The biggest thing that worries me about the use of AI when searching for information is the trickery or potential abuse – in many cases we’re being constantly badgered to buy more and our profiles have been closely manipulated by algorithms to learn our inner-most shopping habits. However, it could be much more sinister than that. Some of the world’s biggest players have concerns about reigning in the ‘beast’, should it get too clever for our own good, and have urged AI labs to stop training systems to surpass GPT-4. They’ve also asked for a six-month pause on the advanced development of GPT-4 (Open AI’s latest large language model).
In the words of Brad Smith, president and vice-chairman of Microsoft, AI has, like any other technology, the “potential to become both a tool and a weapon”. He goes on to say “that is why we need human control to slow things down or turn things off.” An article in CNBC, where he gives an exclusive interview, goes on to point out that Tech leaders around the world have warned that AI poses a human extinction risk on par with nuclear war after generative AI-powered chatbot ChatGPT exploded in popularity for its ability to produce humanlike responses. Read the full article here.
Smith is quoted as saying, in regards the ChatGPT, “It is a tool that can help people think smarter and faster. The biggest mistake people could make is to think that this is a tool that will enable people to stop thinking.”.
I think the concern is not about people ‘not thinking’, (social media has already taken care of that for a lot of people) but using AI for evil means. Seeing the growth and sophistication in scamming in recent times, and knowing that AI in the wrong hands could lead to a new level of misery through theft, really worries me.
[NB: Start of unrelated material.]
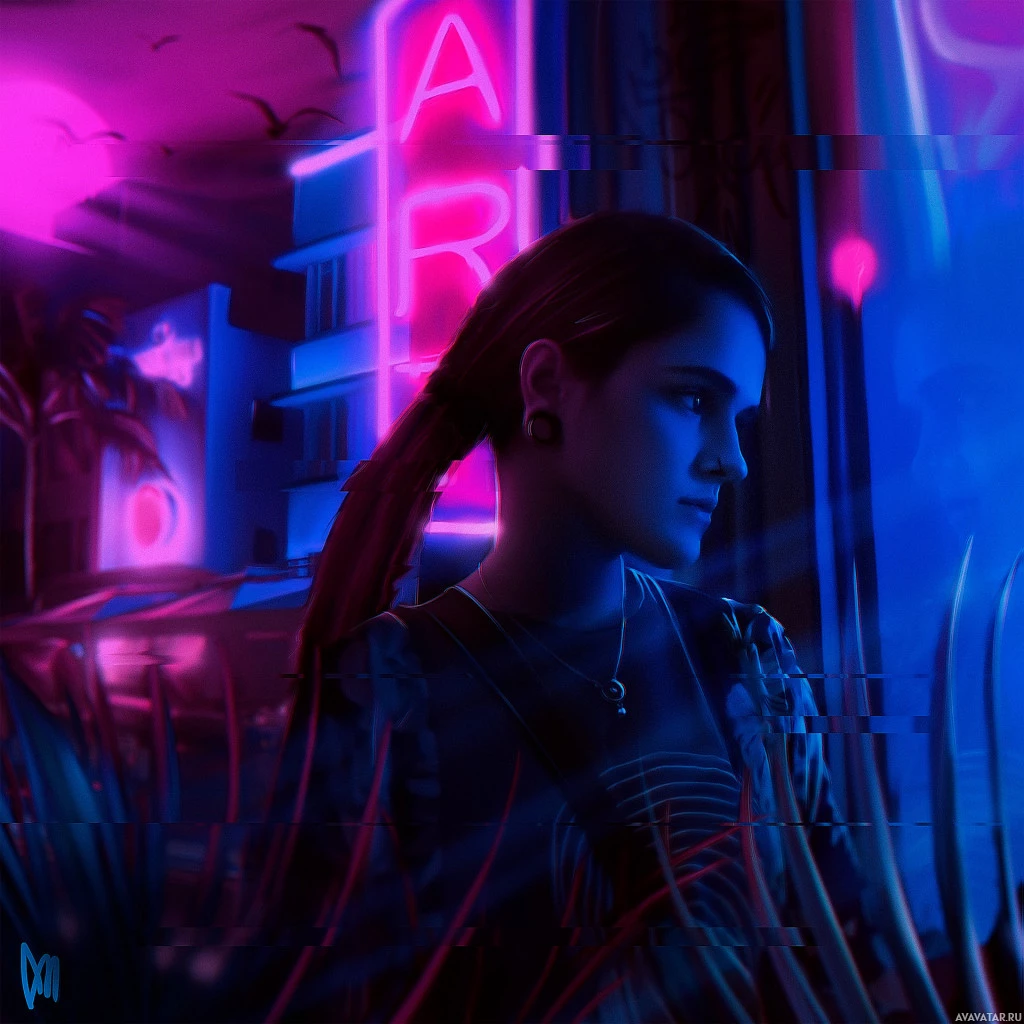 futuristic setting due to the neon lights and urban environment in the background. There are also elements that seem to indicate a digital or virtual overlay on the image, such as the "glitch" effect around her and the distorted lines, which adds to the theme of technology and modernity.

It was largely thanks to the poorly-written, typo-ridden begging letters that alerted us to scams in the past – how will we spot them when they are written in perfect English, capable of passing the closest scrutiny?
A recent post by a member of the LinkedIn community commented that it was no longer necessary to allow two spaces after a full-stop (period in the US) when typing a sentence – they observed that this was something that people over the age of 37 did and was a remnant of the old days of using a manual typewriter and was no longer necessary. My interpretation of their post was that it was more likely a warning to those older than 37 to align their formatting with AI so that no-one knows that Chat GPT actually wrote the content. But then I might just be an old cynic…
My late father, who died in 1958, long before technology had given us television sets in our NZ front rooms, apparently used a saying that went “believe nothing you hear and only half of what you see” (original source was either Benjamin Franklin or Edgar Allan Poe). As a child growing up, I always wondered what this meant. As I got older, I realised he was onto something. Now I think it should be “believe nothing you hear and nothing you see”. Oh dear.